Records for this task >>
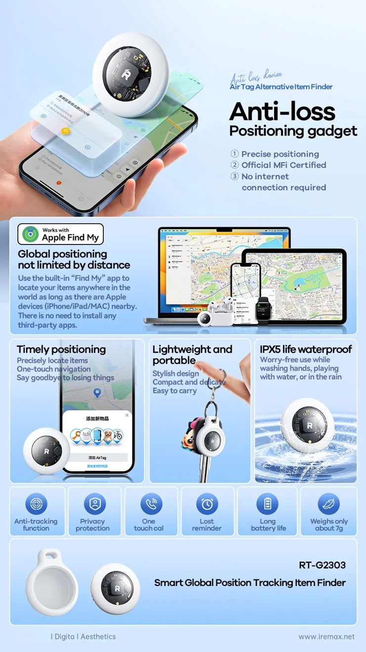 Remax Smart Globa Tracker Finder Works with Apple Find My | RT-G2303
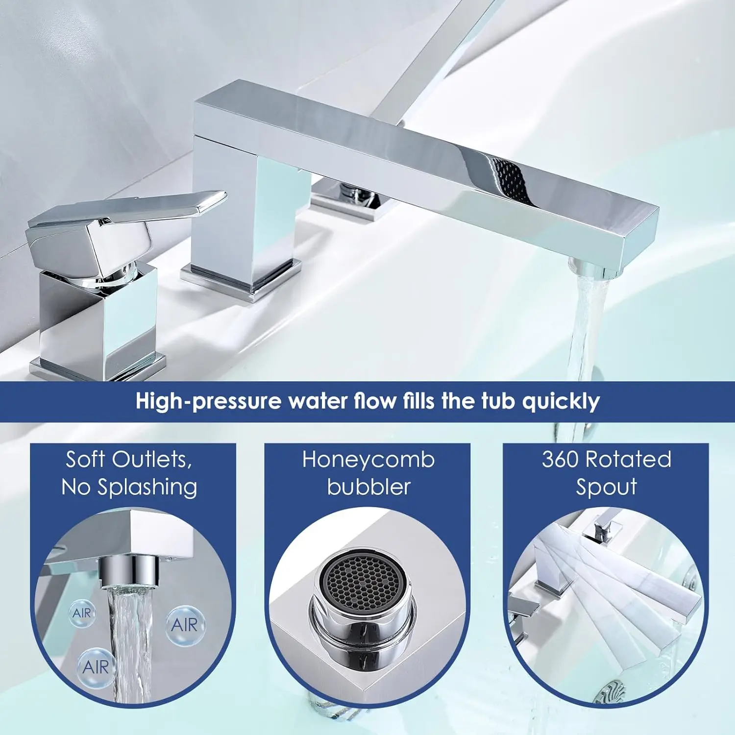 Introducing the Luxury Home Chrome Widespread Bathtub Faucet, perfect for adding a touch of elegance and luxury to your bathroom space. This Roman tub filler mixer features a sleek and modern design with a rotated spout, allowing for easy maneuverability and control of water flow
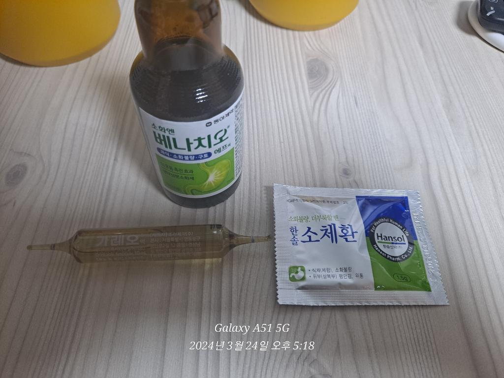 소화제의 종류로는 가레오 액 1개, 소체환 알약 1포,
---
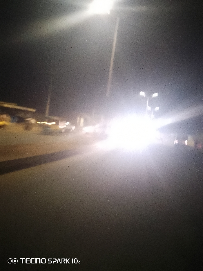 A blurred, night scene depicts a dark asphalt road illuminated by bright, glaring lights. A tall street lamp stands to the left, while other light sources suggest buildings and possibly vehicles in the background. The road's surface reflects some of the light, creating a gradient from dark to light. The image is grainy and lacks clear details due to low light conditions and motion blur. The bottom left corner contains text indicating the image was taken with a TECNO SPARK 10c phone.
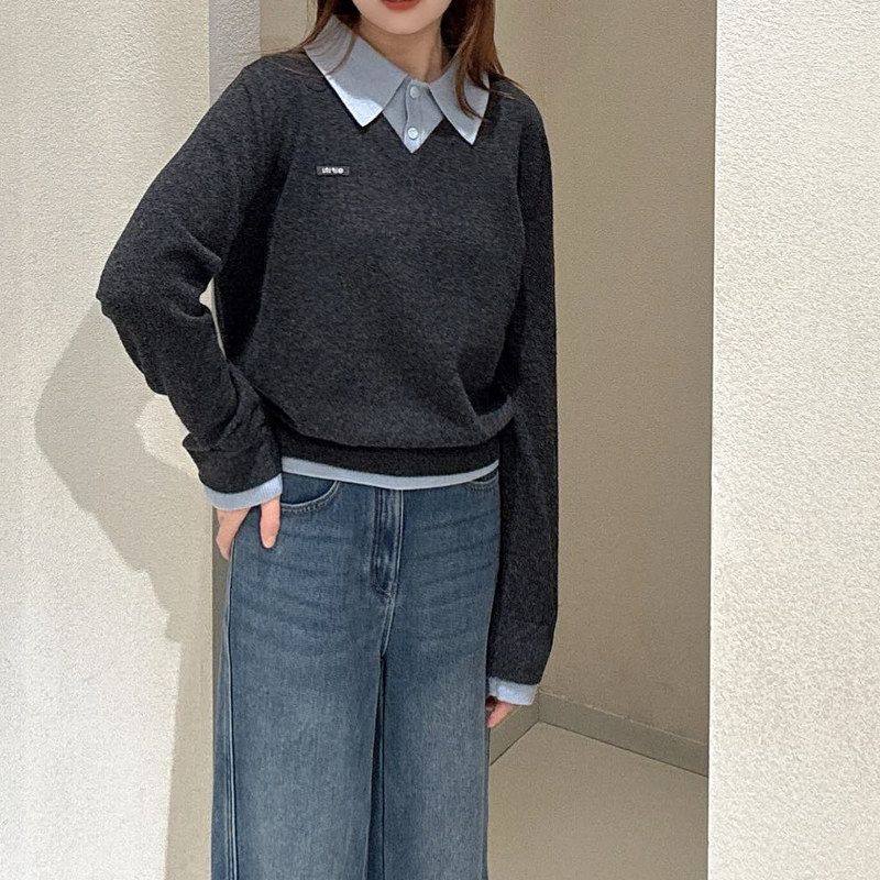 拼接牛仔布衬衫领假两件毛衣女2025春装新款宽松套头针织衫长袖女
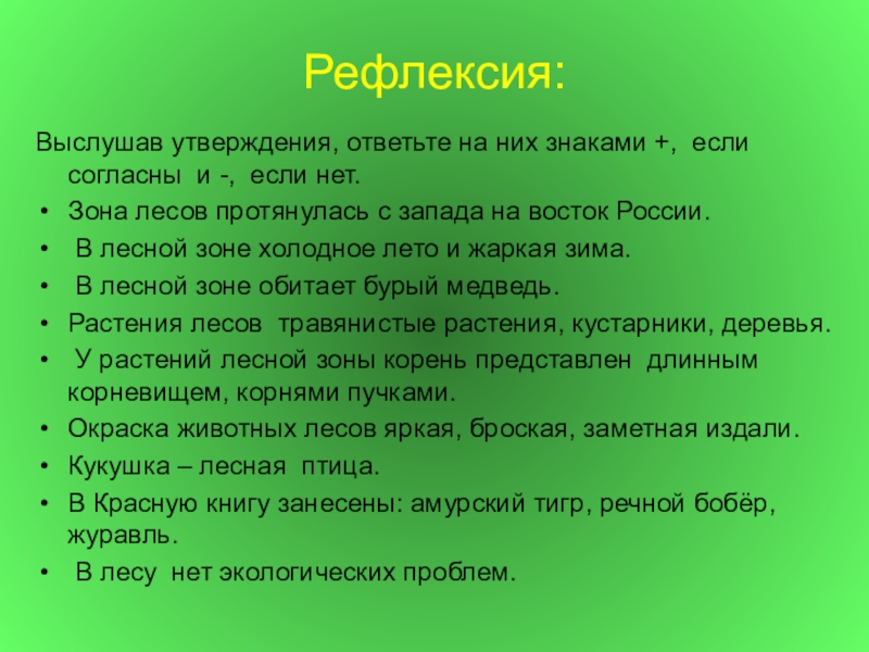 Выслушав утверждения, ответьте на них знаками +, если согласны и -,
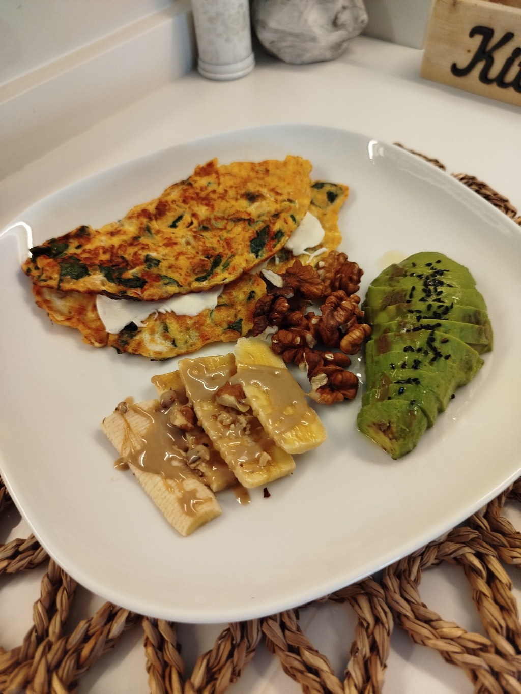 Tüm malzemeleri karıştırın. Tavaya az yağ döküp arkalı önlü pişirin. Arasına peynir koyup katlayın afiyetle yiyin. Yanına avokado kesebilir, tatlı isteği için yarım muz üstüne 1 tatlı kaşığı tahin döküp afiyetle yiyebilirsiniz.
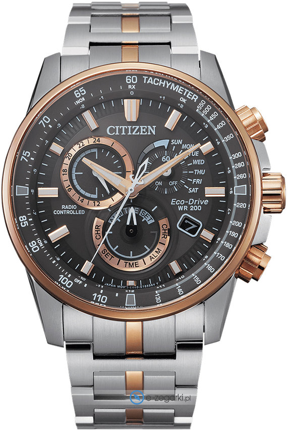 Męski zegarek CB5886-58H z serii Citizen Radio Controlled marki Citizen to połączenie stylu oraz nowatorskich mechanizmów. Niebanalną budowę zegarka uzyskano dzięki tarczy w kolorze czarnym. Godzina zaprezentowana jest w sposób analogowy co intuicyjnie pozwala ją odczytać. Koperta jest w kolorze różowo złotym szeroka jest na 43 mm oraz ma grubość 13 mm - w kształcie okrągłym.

What is being asked >>
Pictures do not belong in the answer. Return the lines above starting at the one with "A blurred, night" and ending at the one with "Męski zegarek CB5886-58H", both kept, exactly.

Exercise result >>
 A blurred, night scene depicts a dark asphalt road illuminated by bright, glaring lights. A tall street lamp stands to the left, while other light sources suggest buildings and possibly vehicles in the background. The road's surface reflects some of the light, creating a gradient from dark to light. The image is grainy and lacks clear details due to low light conditions and motion blur. The bottom left corner contains text indicating the image was taken with a TECNO SPARK 10c phone.
 拼接牛仔布衬衫领假两件毛衣女2025春装新款宽松套头针织衫长袖女
 Выслушав утверждения, ответьте на них знаками +, если согласны и -,
 Tüm malzemeleri karıştırın. Tavaya az yağ döküp arkalı önlü pişirin. Arasına peynir koyup katlayın afiyetle yiyin. Yanına avokado kesebilir, tatlı isteği için yarım muz üstüne 1 tatlı kaşığı tahin döküp afiyetle yiyebilirsiniz.
 Męski zegarek CB5886-58H z serii Citizen Radio Controlled marki Citizen to połączenie stylu oraz nowatorskich mechanizmów. Niebanalną budowę zegarka uzyskano dzięki tarczy w kolorze czarnym. Godzina zaprezentowana jest w sposób analogowy co intuicyjnie pozwala ją odczytać. Koperta jest w kolorze różowo złotym szeroka jest na 43 mm oraz ma grubość 13 mm - w kształcie okrągłym.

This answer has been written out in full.